The question that kept returning to
Jethro Knights’ mind deeply troubled him: Why should he continue at all? It was
not a question he could remember ever asking himself. He sat on a pink beach on
the island of Eleuthera, staring at the sea. Wounds were all over his body, and
the sand stuck to his stitches. What he undeniably knew was the loss and death
of Zoe Bach had decidedly dulled his drive for life. Perhaps it was the lack of
sorrow and pain in his life that made him originally want to live so much, he
thought. Perhaps that’s what made him unafraid to transcend any boundary of the
human species to reach the highest in himself. Slavery to emotions so dire was
not why he planned or wanted to live forever. Was life worth living for thousands
of years without her? Without his family? Without the love he came to know,
trust, and believe in? 

His thoughts jarred him. They
filtered through his existence, through his pantheon of memories. Was this just
mourning? Or who he really was now? He looked in the mirror one night after
downing a bottle of wine, feeling that he was changed, feeling that he was
almost afraid of life without her. The firmness and confidence that once filled
Jethro's heart were gone. He questioned if he could ever be the same, if it
could ever be worth it again. The power and certainty that had always made him
different from others had vanished.

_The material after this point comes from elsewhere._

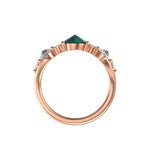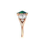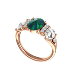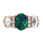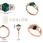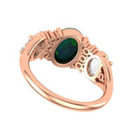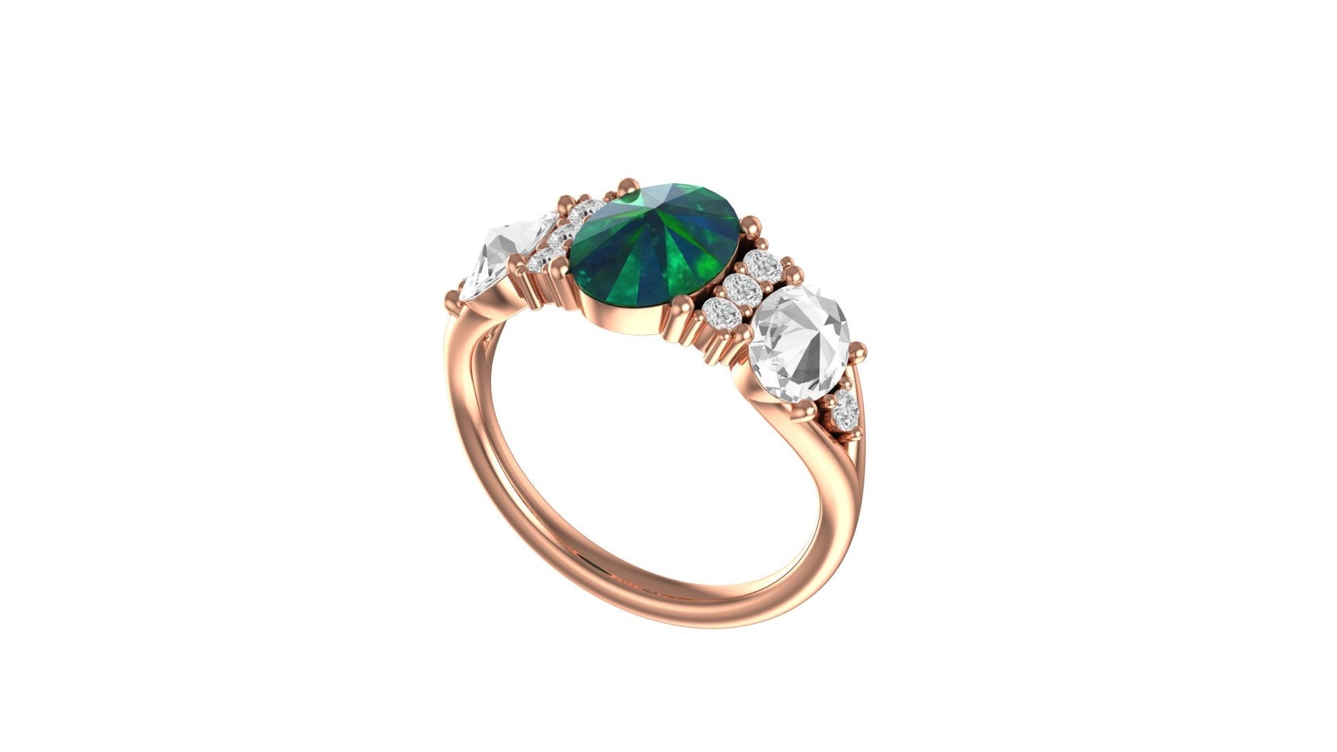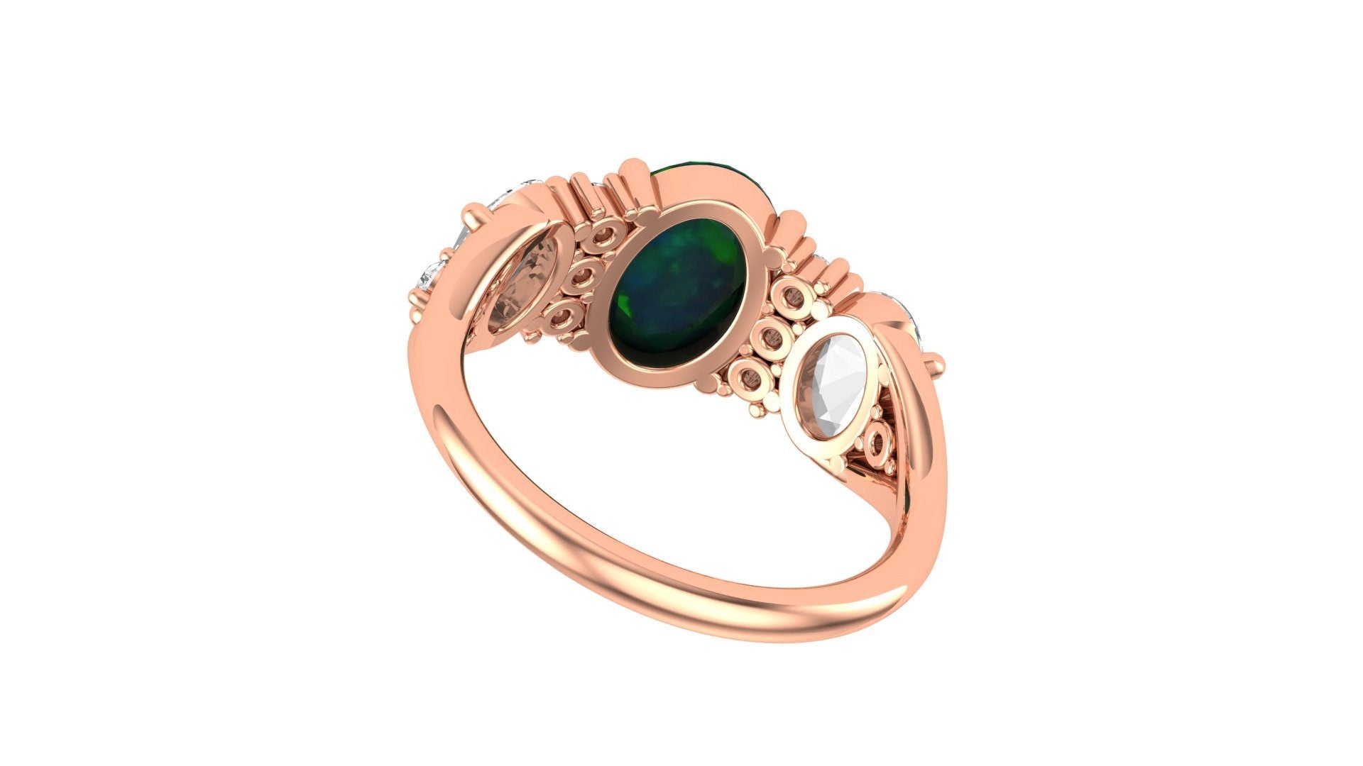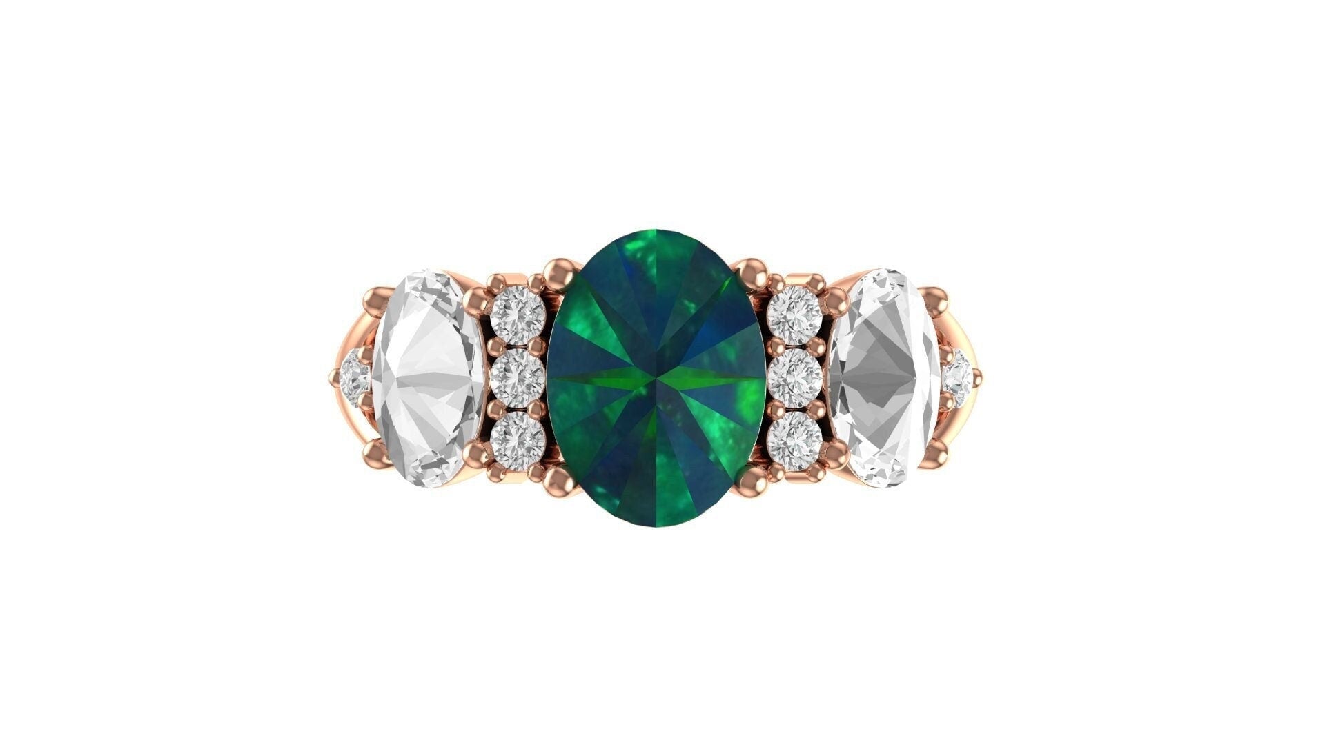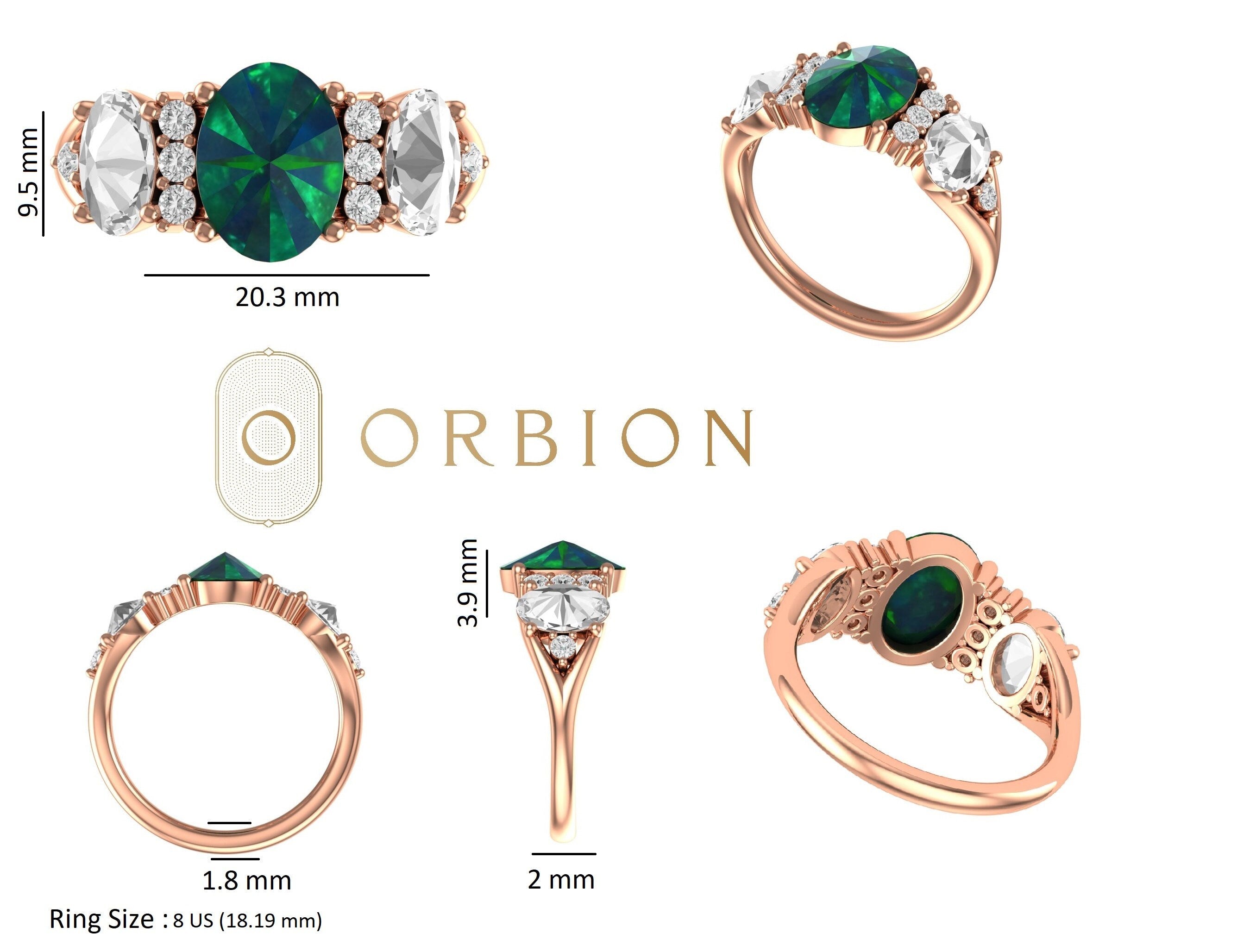 10K/14K/18K Solid Rose Gold Blue Green 3 Stone Engagement Ring, Side Grey Oval Rose Cut Moissanite Wedding Ring, Wedding Ring, Bridal Ring

The force he had relentlessly clashed
against over the years: The unnamed, unformed defeatist ghost strangling the
human spirit’s best potential—the same irrational beast he couldn’t describe
while walking away from Professor Rindall’s class at Victoria University—was
now taking explicit shape. And it dangerously tried to seize hold of him.

Jethro awoke in an old, wooden,
plantation-style hotel. From outside his small room the sound of ocean waves
trickled in. It was exactly two weeks since Zoe had died. His first conscious
thought that morning was of her. Again. He wished he could turn over and feel
her body. But she was gone. Every day, little by little, he forced himself to
understand that. To accept it. His brain wanted to think differently, to dream,
to barter. Nothing, however, was so final as death.